では、EFOIAに問題点はないのだろうか。法案が成立する前から指摘されていた問題点を列挙すると以下のようになる。
1)今後の技術変化に十分に対処できないこと
2)政府の電子メールが、政策決定プロセスにおいて、どのように扱われているかの包括的なレビューが不十分であること
3)電子的な媒体で保存されている記録が公開される場合、削除の明示が困難なこと
4)請求されたときに政府機関が電子媒体で記録を提供する要件の曖昧さ
5)行政内部の文書や、未決定の事項に関する記録を公開するかどうかはっきりしないこと
6)マルチ・トラック処理システムの恣意性
7)優先処理の曖昧さ
8)「記録」の定義の曖昧さ
こうした問題点の多くは、実際にEFOIAがうまく運用されるのかという疑問に基づいている。EFOIAが成立する前のFOIAの時代の問題は、立法上の問題ではなく、むしろ行政側の取り組み方の問題であるという指摘がある。それは万国共通の官僚主義もあり、予算・人員の不足という面もある。こうした問題は法案成立に当たっても議論されたが、おそらく実際に運用してみて改善を図っていくことになるものと思われる。
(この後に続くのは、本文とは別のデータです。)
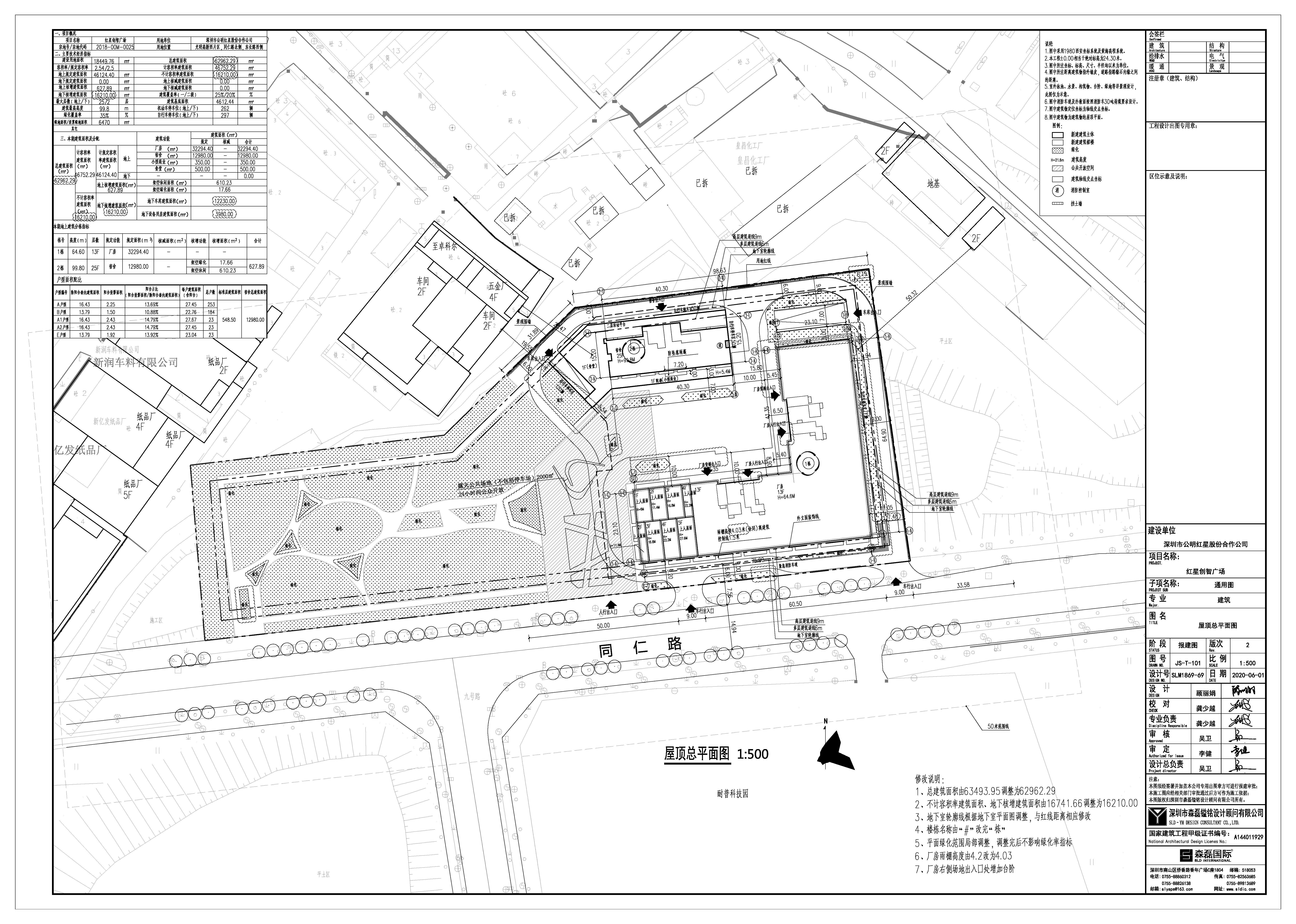 红星创智广场项目位于光明区玉塘街道光明高新西片区,十九号路北侧,东长路西侧,宗地号为A608-0168,该项目于2020年5月取得《建设工程规划许可证》(深规划资源建许字GM-2019-0010改1号)。本次调整的主要内容为(具体详见附件《屋顶总平面图》云线圈注部分):
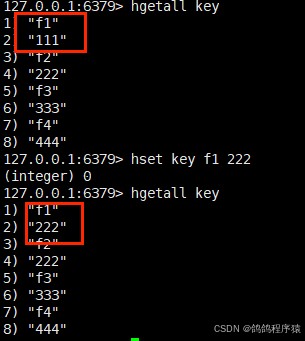 | hsetnx key field value | 设置值,但必须在 field 不存在时才能设置成功 | o(1) |

では、わが国の情報公開制度はどうなっているのだろうか。わが国における政府情報の公開は地方自治体が先行してきた。1981年に山形県金山町で始まった情報公開の動きは、ようやく国政レベルに達しようとしている。情報公開法案に対する関心は、景気低迷や金融スキャンダル等に隠れて、国民レベルでは必ずしも盛り上がっていない。しかし、情報公開法案の成立は永年の課題であり、国内外のメディア、研究者、市民団体が注目している。
国会に提出された情報公開法案でも、電子データを公開対象とすることになっている。つまり第二条において、
この法律において「行政文書」とは、行政機関の職員が職務上作成し、又は取得した文書、図画及び電磁的記録(電子的方式、磁気的方式その他人の知覚によっては認識することができない方式で作られた記録をいう。以下同じ。)であって、当該行政機関の職員が組織的に用いるものとして、当該行政機関が保有しているものをいう
とされている。こうした動きは歓迎すべきであろう。しかし、米国のEFOIAはこうした電子データの公開だけにはとどまらない様々な方策が用意されている。例えば、インデックスの作成やホームページ上での情報の公開などである。
1966年のFOIAは、日本の情報公開法を考えるに際して常に一つのモデルとなってきた。そして、1996年のEFOIAもまた示唆に富むものである。日本政府のホームページの数も現在急速に増えているところだが、情報公開法成立前ではその内容は十分なものにはなりえない。しかし、EFOIAの優れた点は取り入れ、よりよい情報公開法を考えるヒントにするべきである。日本の行政情報については、他にも文書管理の問題など課題が多いが、電子データによる請求の受け付け、公開、そしてホームページなどのインターネット技術の最大限の利用が期待される。